The second most popular book in history, John Bunyan’s The Pilgrim’s Progress, has sold more copies than all of the Harry Potter novels combined, but that’s not what makes it so remarkable. It’s the fact that Bunyan wrote it from prison, chained like the Apostle Paul for refusing to cease in his preaching. An uneducated man nicknamed “The Tinker,” he was inspired to share the story during one of his imprisonments, narrating the story of an everyman character, Pilgrim, who embarks from the City of Destruction for the Celestial City, an allegory for a Christian’s movement through a journey of faith. This story is personal for Cleary, because of its power and because of how the book relates to his mentor, Wurmbrand.
“Richard was imprisoned, and in his mind, he wrote Tortured for Christ, which I’ve made into a film,” Cleary explained. “When he was ransomed from Romania and arrived in US, he founded Voice of the Martyrs. The one outside book that they paid to publish was The Pilgrim’s Progress. It was secretly published in the Soviet Union, in China. People were literally dying to get that story out.”
Regardless of what country Cleary has visited, the pastors and the leaders of the secret churches know the story of the Pilgrim. “Two or three months ago, a family in China was imprisoned for having a copy of The Pilgrim’s Progress in their home,” shared the producer. “It’s a legal book in the universities, but the leader of the district was so opposed to it that he had them put in prison. Outside of the Bible, it’s the greatest story ever written. There are so many lessons, just one big parable like those that Jesus preached.”
“Maybe in America, we’d like it to be easy to be Christians,” he mused. “The message is continually that the King forgives, that the King is not far off. If the message of the film comes across on screen, if we really convey Bunyan’s message, then we’ll have done our job.”
“It’s his work, we just colored it.”
While Cleary is incredibly passionate about the story and the film that he and his team have created, he knows that fans in the United States may be biased against it because, he says, it’s “a message movie.” With three percent of a typical budget for an animated film (two and a half million dollars), it does not look the same as a Pixar flick or the latest CGI. But there’s more going on here than box office totals on Easter weekend.

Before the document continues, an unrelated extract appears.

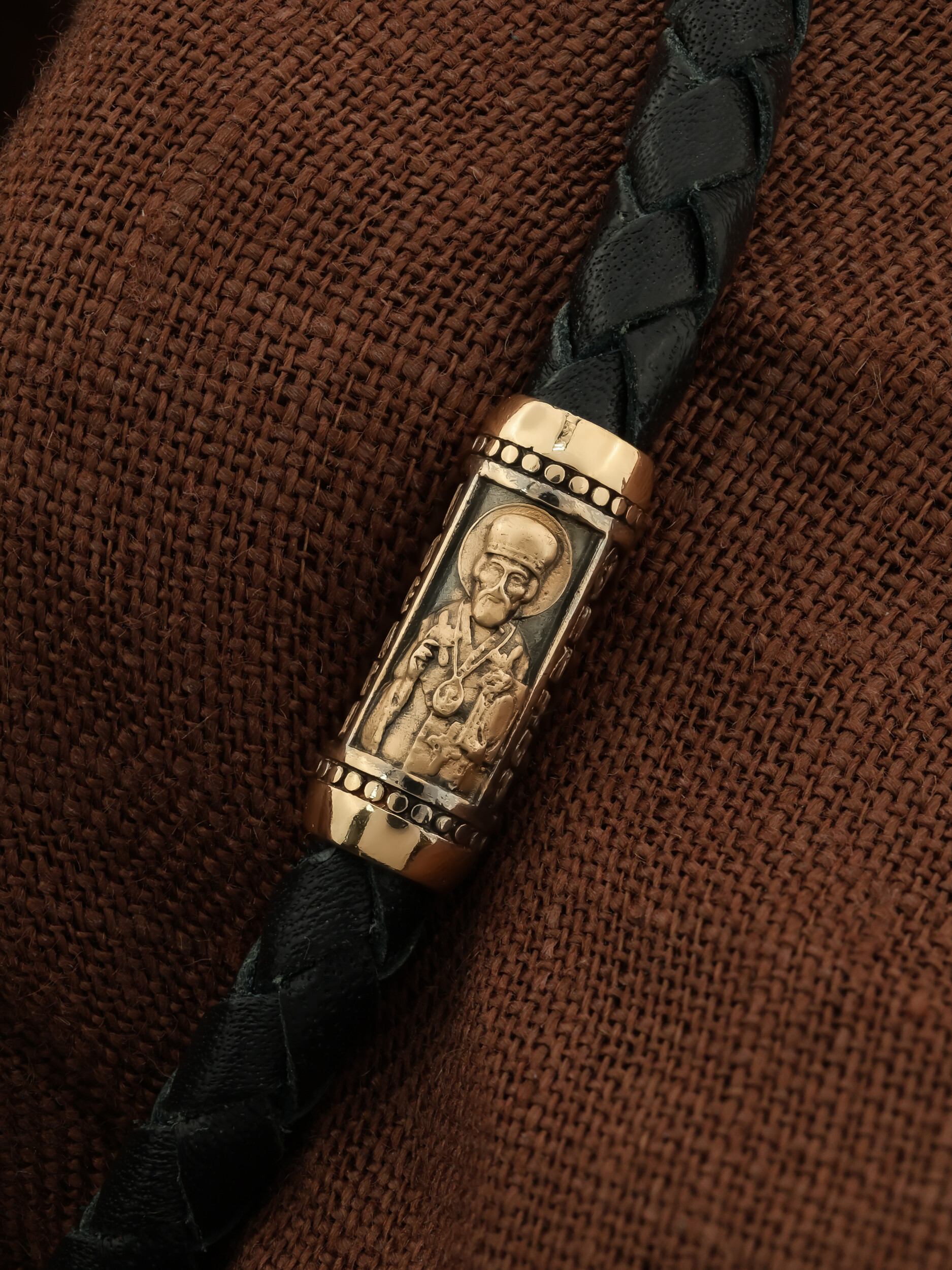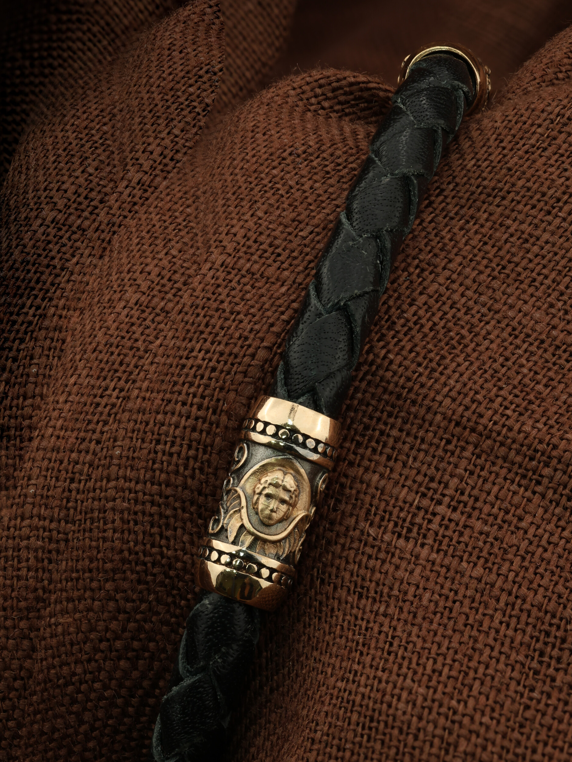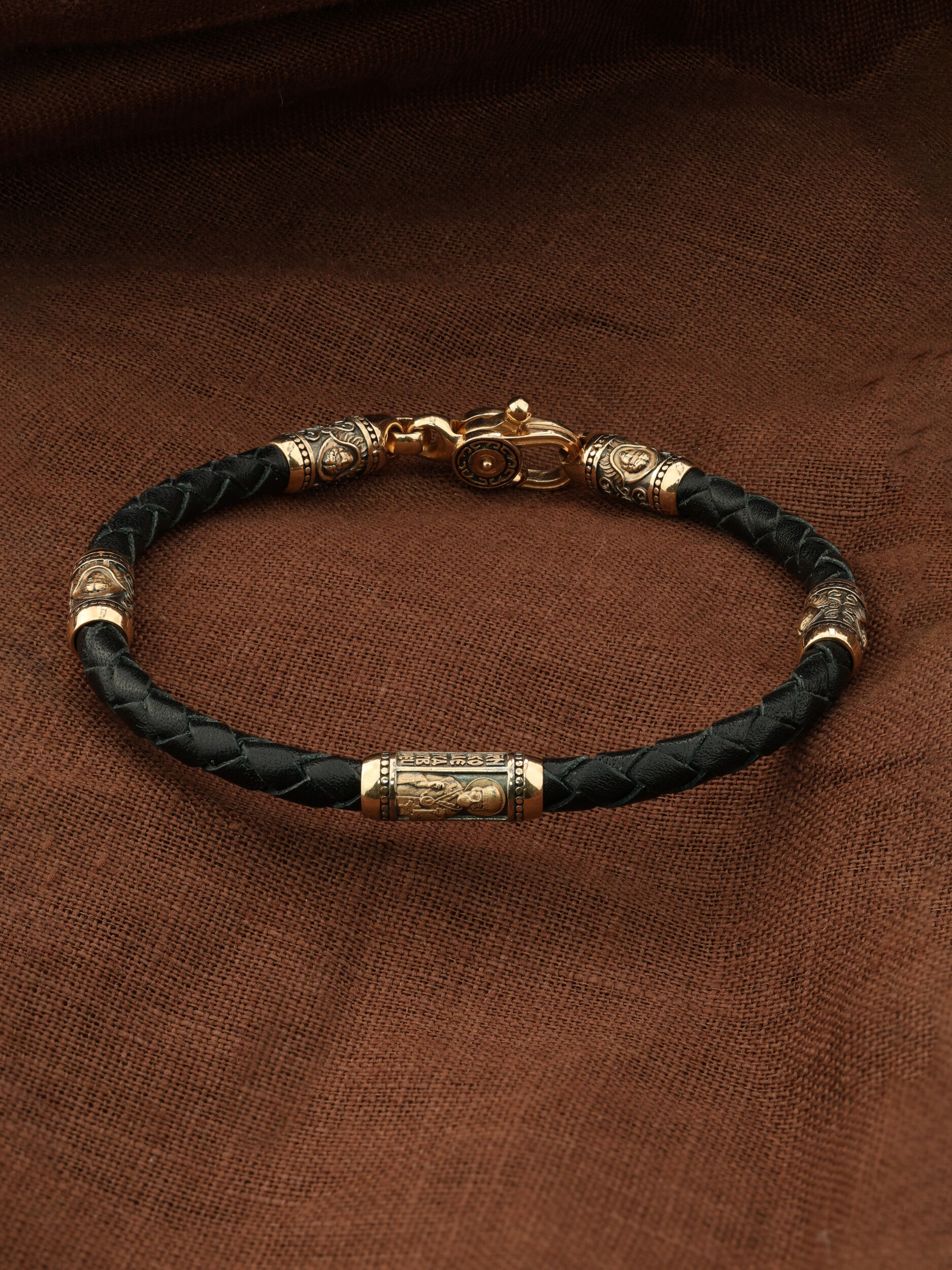 Браслет из золота c кожаным шнурком
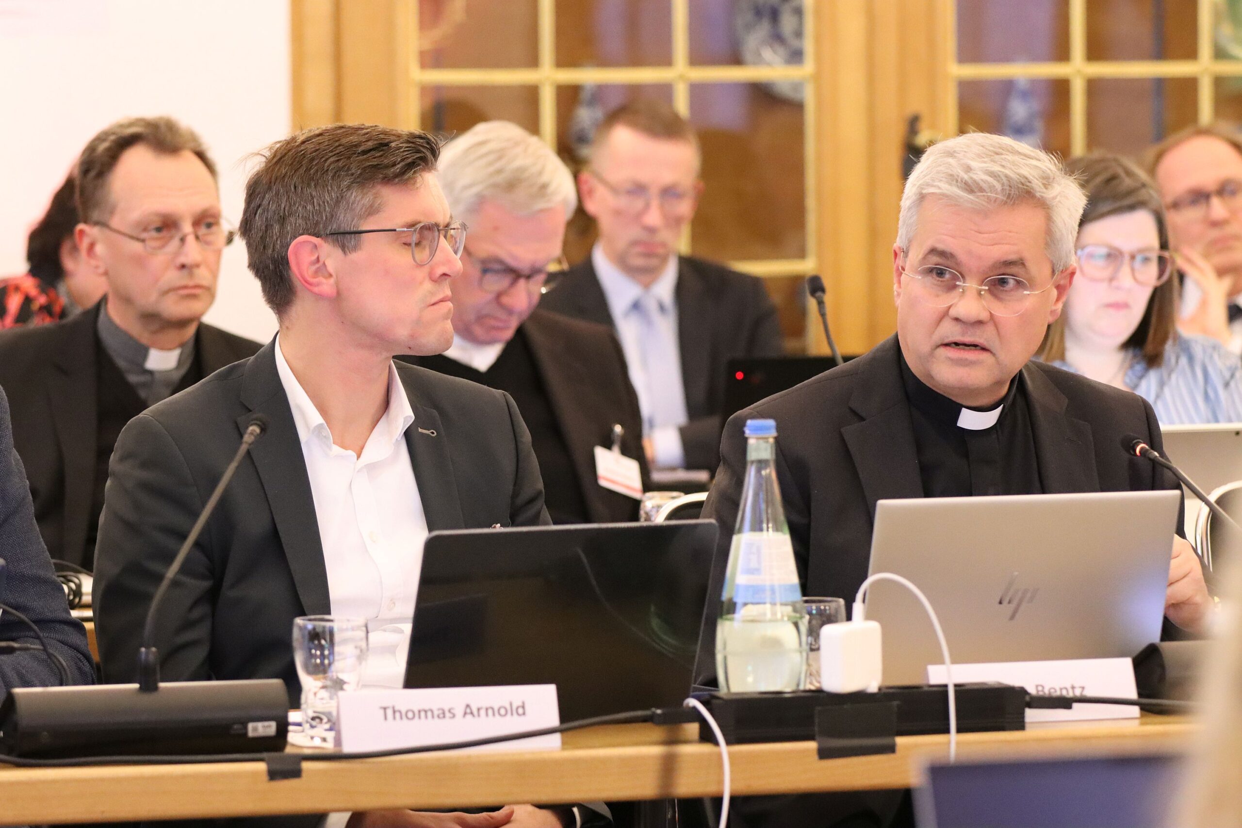 Auch der Vorsitzende der Deutschen Bischofskonferenz, Bischof Dr. Georg Bätzing, zeigte sich zufrieden: „Das ist ein großartiger Moment, auch ein Stück historisch. Der Weg bis hierher hat viel Arbeit im Vorfeld bedeutet, auch im Gespräch mit Rom. Mir fällt ein großer Stein vom Herzen und die Einstimmigkeit zur Satzung zeigt auch, wie sehr wir zusammengefunden haben durch die Arbeit im Synodalen Ausschuss. Es war ein Weg in Deutschland und mit der Weltgemeinschaft der Kirche. Wir haben es hier geschafft, wichtige Schritte von Partizipation, Transparenz, Rechenschaft, gemeinsamem Beraten und Entscheiden voranzugehen.“ Ausdrücklich wandte sich Bischof Bätzing an jene Bischöfe, die aus dem Prozess des Synodalen Weges ausgestiegen sind: „Es ist mein Wunsch, dass am Ende auch alle mitwirken wollen und können. Um es ehrlich zu sagen: Wir haben aus den Erfahrungen des Synodalen Weges gelernt, da gab es auch Verletzungen und die kritische Frage, ob Minderheiten ernstgenommen wurden. Die jetzigen Erfahrungen im Ausschuss haben zu einem anderen Miteinander geführt und Wege ermöglicht, Fragen gemeinsam zu klären. Wir können uns einander zumuten in der unterschiedlichen Verantwortlichkeit. Aber wir wissen, im Ziel gehen wir zusammen. Das ist etwas, das prägt, das macht es konstruktiv“, so Bischof Bätzing.

“If a couple thousand people see it over Easter weekend in the United States, we will hit our goal,” Cleary explained. “But the same weekend, it will shown on most popular TV station in Iran where two million secret believers and four million seekers will see it for free. We’re looking at schools in Philippines, into all of India where they’re looking to eradicate Christianity, and a system through the Himalayas. It’ll be one of the best Christian films they have access to.”
Citing the success of The Jesus Film forty years ago, Cleary has a model for how to get the film out there, in front of people who can use it as a tool of evangelism. He has seen already that people in the United States, regardless of age or background, respond to the narrative that Bunyan shared and that Cleary’s team has animated. He does not take lightly that others are responding.
“Pastor Wurmbrand said that if you’re not willing to sacrifice for your Bible, then don’t give to an offering for Bibles in other countries, because someone could lose their life over that Bible,” Cleary remembered. “It’s possible that someone could go to prison, even give their lives, in other countries for this movie. We know people are willing to suffer to get the right movies out.”
Time will tell the kind of impact that Cleary’s version of The Pilgrim’s Progress can have. For now, audiences will have to wait and see how the animated Pilgrim goes on his journey, learns his lessons, and makes his choices. You can be sure that when people around the world see it, some of them will find their hearts for sharing the good news emboldened and others will hear it for the first time.
Just like another man who shared his experiences of Jesus from his chains and has been translated in a myriad of ways that make him more relatable, John Bunyan’s work is finally getting the twenty-first century update it needs to further reach the world.